Correlated noise generated by shared cone inputs could alter how faithfully a population of ganglion cells transmits visual information to the brain. For example, correlated noise among neurons can limit the capacity to average their signals and obtain more precise sensory information (e.g. refs. 15, 36). The results described above suggest that such effects should be substantial, although the impact of shared cone signals could also be minimized in some ganglion cell types by circuit nonlinearities. To test these predictions, we determined how the fidelity of stimulus encoding by ganglion cell pairs depended on the extent to which the cells shared cone signals.
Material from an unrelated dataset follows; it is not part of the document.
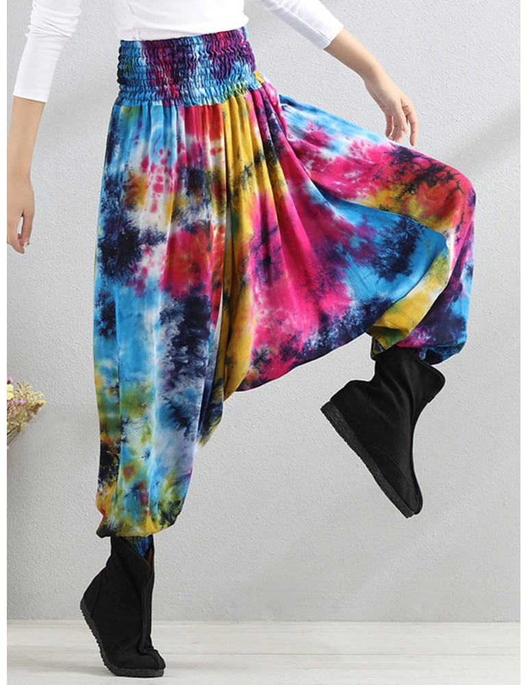Casual Loose Printed Elastic Waist Women Wide Leg Pants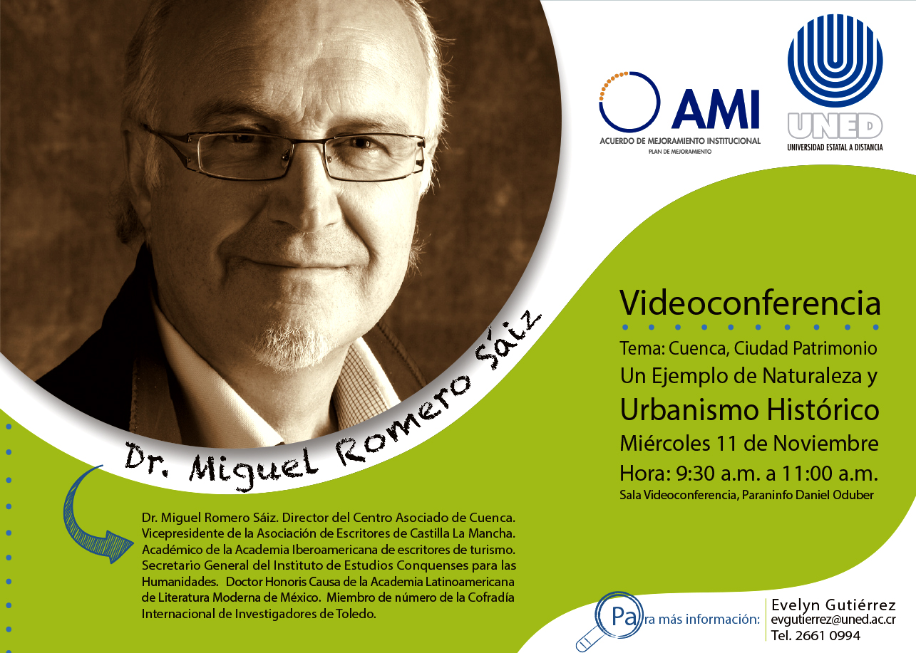 Videoconferencia desde el Paraninfo Daniel Oduber: "Cuenca, Ciudad Patrimonio. Un ejemplo de naturalecza y urbanismo Histórico". (Más Información).

We simultaneously recorded the spike responses from populations of ganglion cells (e.g. ON parasol cells in Figure 6a, top) to a spatially uniform, time-varying stimulus that provided the same input to all cells, regardless of their separation. In this case, cell pairs with shared cone inputs should jointly represent the stimulus less accurately than cell pairs without shared cones, because independent noise can be reduced by averaging whereas shared noise cannot. Thus, if all noise originates in the cones, two cells that sample from the same set of cones will have a joint signal-to-noise ratio (SNR) a factor of √2 lower than two cells that sample from nonoverlapping cones. Independent noise introduced later in the retinal circuitry will mitigate the effect of shared cone noise.

Figure 6.

Shared noise limits fidelity of neural coding in populations of ganglion cells. a. Ovals in the top panel represent Gaussian approximation of the receptive fields of simultaneously-recorded ON parasol cells. Pairs of parasol cells were used to reconstruct a time-varying, spatially uniform light input (gray trace, bottom). The spike response of each cell was convolved with an appropriate linear filter and the output summed to generate the reconstruction (black trace). Cell pairs in red and blue are highlighted in b and g. b. Dependence of signal-to-noise ratio (SNR) of the reconstruction on distance between the two cells, measured in units of the receptive field radius (SD, see top panel in a). The SNR is normalized so that pairs of cells that sample independent noise reach a value of one, as determined in distant cell pairs. Neighboring cell pairs are in black. Red and blue points represent cell pairs in a. The two panels are two different preparations. c–f. Analysis as in b for combinations of parasol and midget cells in two preparations. g. Dependence of SNR on receptive field overlap for ON parasol pairs. Lines show the expected dependence of SNR on overlap for models with different ratios of shared to independent noise. Closed symbols show overlap measured by correlating each pixel of raw receptive field measurements; open symbols show overlap estimated from Gaussian receptive field fits. Red and blue points represent cell pairs in a. Circles and squares represent different preparations from b. The mean light level was 1200 R*/cone/sec.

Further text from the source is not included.